Ah, you got hold of the paper. I'd appreciate receiving a scan or a Xerox
of it. I had remembered that they simply stopped the rat at various
distances from the food and measured the pull on the tether. A great deal
depends on the details -- what you're reporting is that the force applied
to the rat changed with distance from the goal. Did they describe just what
the relationship was, or how the apparatus implemented it?

Best,

Bill P.

[From Rick Marken (2002.05.25.1015)]

Bill Powers (2002.05.25.0823 MDT)

Bruce Nevin (2002.05.24 16:01 EDT)--

>There is a problem referring to this as a gradient based on the Dollard &
>Miller experiment. The gradient they report is already present in the
>experimental apparatus, which increases its resistance to the rat's
>movement as the rat approaches the food. The observed gradient is actually
>imposed, by means of the harness, upon the rat's movement. The rat is
>controlling "walk over to food"; the harness impedes the movement, a
>disturbance; the rat resists that disturbance. Because the disturbance is
>gradient, the rat's efforts to resist the disturbance are gradient.

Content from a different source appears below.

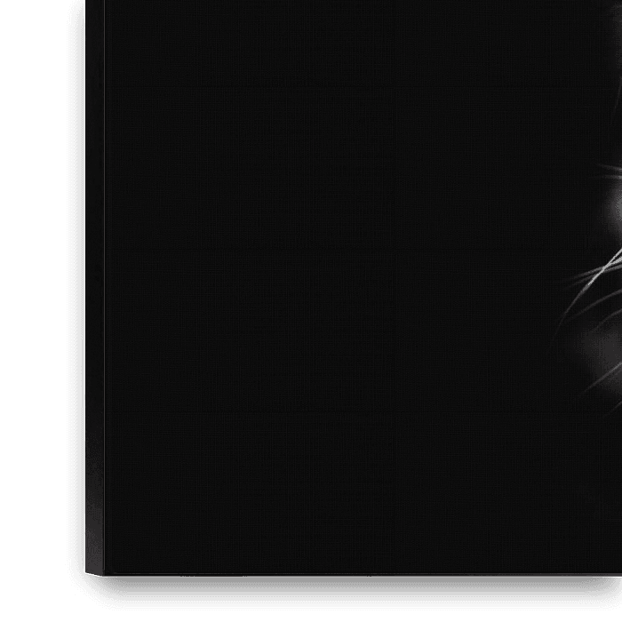Bestelle das digitale Kunst Bild Brutale Schwarz-Weiß-Foto von einem Leoparden Gesicht mit einem strengen Blick Nahaufnahme, schwarze von Michael Semenov als Reproduktion auf Leinwand, Alu-Dibond, als Poster, Fototapete oder Acrylglasbild.

Ah, you got hold of the paper. I'd appreciate receiving a scan or a Xerox
of it. I had remembered that they simply stopped the rat at various
distances from the food and measured the pull on the tether. A great deal
depends on the details -- what you're reporting is that the force applied
to the rat changed with distance from the goal. Did they describe just what
the relationship was, or how the apparatus implemented it?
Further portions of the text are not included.